Cette fois-ci, c’étaient Dóra et Lárus qui m’attendaient. Il y avait des gens derrière la grande glace, parce qu’ils étaient tous les deux très polis, en particulier Lárus, qui autrement ne l’était pas, et ils étaient bien habillés. Qui plus est, Dóra me parut bien mieux. Je jetai un coup d’œil à la glace et, comme d’habitude, je ne vis que l’image de moi-même dans cette horrible pièce. Je me demandai si le commissaire n’était pas présent derrière la glace cette fois-là.

Lárus mit le magnétophone en marche. Il lut le numéro de l’affaire, la date et l’heure. Il était juste un peu plus de dix heures. Dix heures du matin, supposai-je. Ça n’a pas d’importance.

– Nous avons parlé du viol qu’aurait commis Tómas, Sara, dit Lárus en s’efforçant de faire officiel. Tu nies qu’il s’agissait d’un viol.

– C’est une question ? dis-je.

– Est-ce que Tómas t’a violée ? demanda Lárus.

– Non, dis-je. Il n’a pas fait ça.

– Est-ce que, au cas où Tómas l’aurait fait, tu considérerais que ce serait une raison suffisante pour le tuer ?

– Au cas où… ?

– Ne tourne pas comme ça autour du pot, dit Dóra. Nous n’avons pas que ça à faire.

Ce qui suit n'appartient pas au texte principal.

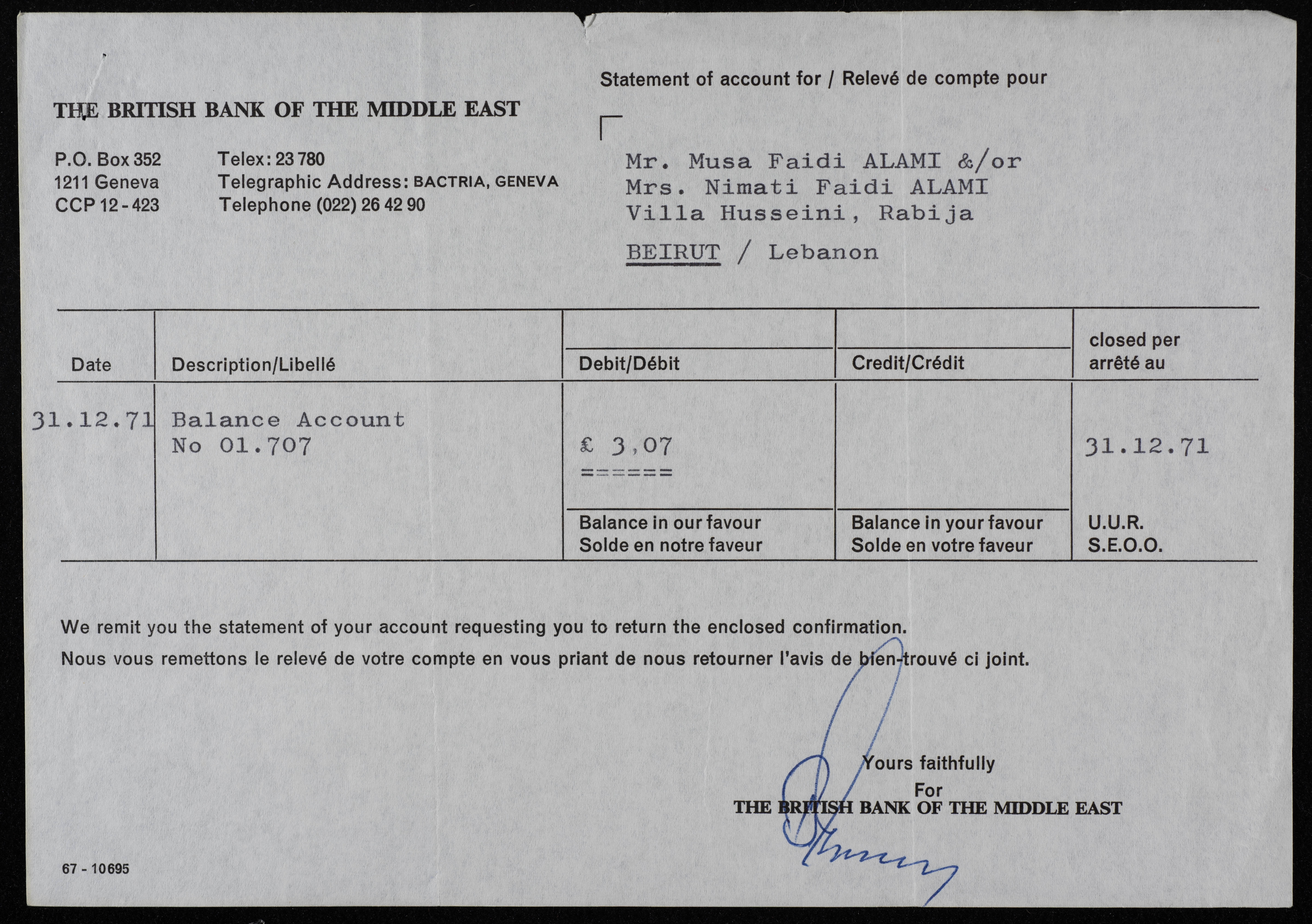 وثيقة مطبوعة باللغة الانجليزية، تتضمن كشف حساب موسى العلمي من البنك البريطاني بتاريخ 31/12/1971. وجدت في مجموعة المشروع الانشائي العربي

– Oui, dis-je. Je trouve qu’il faudrait tuer tous les violeurs, mais dans mon cas, ce n’était pas un viol.

– Nous avons la déposition de ton amie, dit Dóra.

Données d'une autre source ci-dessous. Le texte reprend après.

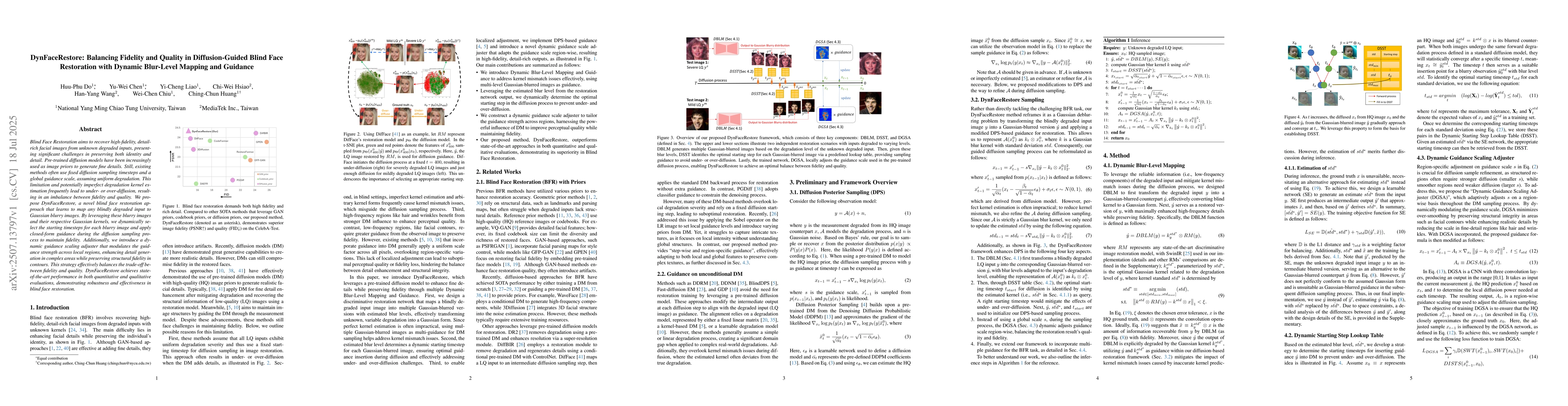 Blind Face Restoration aims to recover high-fidelity, detail-rich facial images from unknown degraded inputs, presenting significant challenges in preserving both identity and detail. Pre-trained diffusion models have been increasingly used as image priors to generate fine details. Still, existing methods often use fixed diffusion sampling timesteps and a global guidance scale, assuming uniform degradation. This limitation and potentially imperfect degradation kernel estimation frequently lead to under- or over-diffusion, resulting in an imbalance between fidelity and quality. We propose DynFaceRestore, a novel blind face restoration approach that learns to map any blindly degraded input to Gaussian blurry images. By leveraging these blurry images and their respective Gaussian kernels, we dynamically select the starting timesteps for each blurry image and apply closed-form guidance during the diffusion sampling process to maintain fidelity. Additionally, we introduce a dynamic guidance scaling adjuster that modulates the guidance strength across local regions, enhancing detail generation in complex areas while preserving structural fidelity in contours. This strategy effectively balances the trade-off between fidelity and quality. DynFaceRestore achieves state-of-the-art performance in both quantitative and qualitative evaluations, demonstrating robustness and effectiveness in blind face restoration.

– Elle ment, dis-je. Vous ne comprenez pas ? Vous ne comprendrez jamais qu’elle ment comme elle respire ?

– Tiens-toi tranquille ! dis Lárus.

– Toi-même, éructai-je. Bettý s’était fait avorter. Est-ce qu’elle vous a dit ça ? Vous l’avez interrogée là-dessus ? Vous lui avez demandé pourquoi elle s’est fait avorter ?

– Qu’est-ce que ça a à voir ? dit Dóra.

– Ce que ça a à voir ? dis-je. C’est vous, les flics. C’est à vous de le trouver. Allez savoir pourquoi elle a dit à Tómas qu’ils ne pouvaient pas avoir d’enfants. Demandez-lui si Tómas ne voulait pas avoir d’enfants avec elle et pourquoi ça n’a pas marché. Ensuite, demandez-lui pourquoi elle a eu besoin de se faire avorter.

– Nous n’avons rien au sujet d’un avortement, dit Lárus.

– Non, c’est vrai ? Vous avez besoin de cinq colonnes dans ces foutus journaux pour vous mâcher le travail ?

Ils se regardèrent.

– Mais quel genre de flics vous êtes ? Je n’ai jamais vu ça. Si on ne vous serine pas les choses mille fois, il n’y a rien qui fonctionne dans votre cerveau ?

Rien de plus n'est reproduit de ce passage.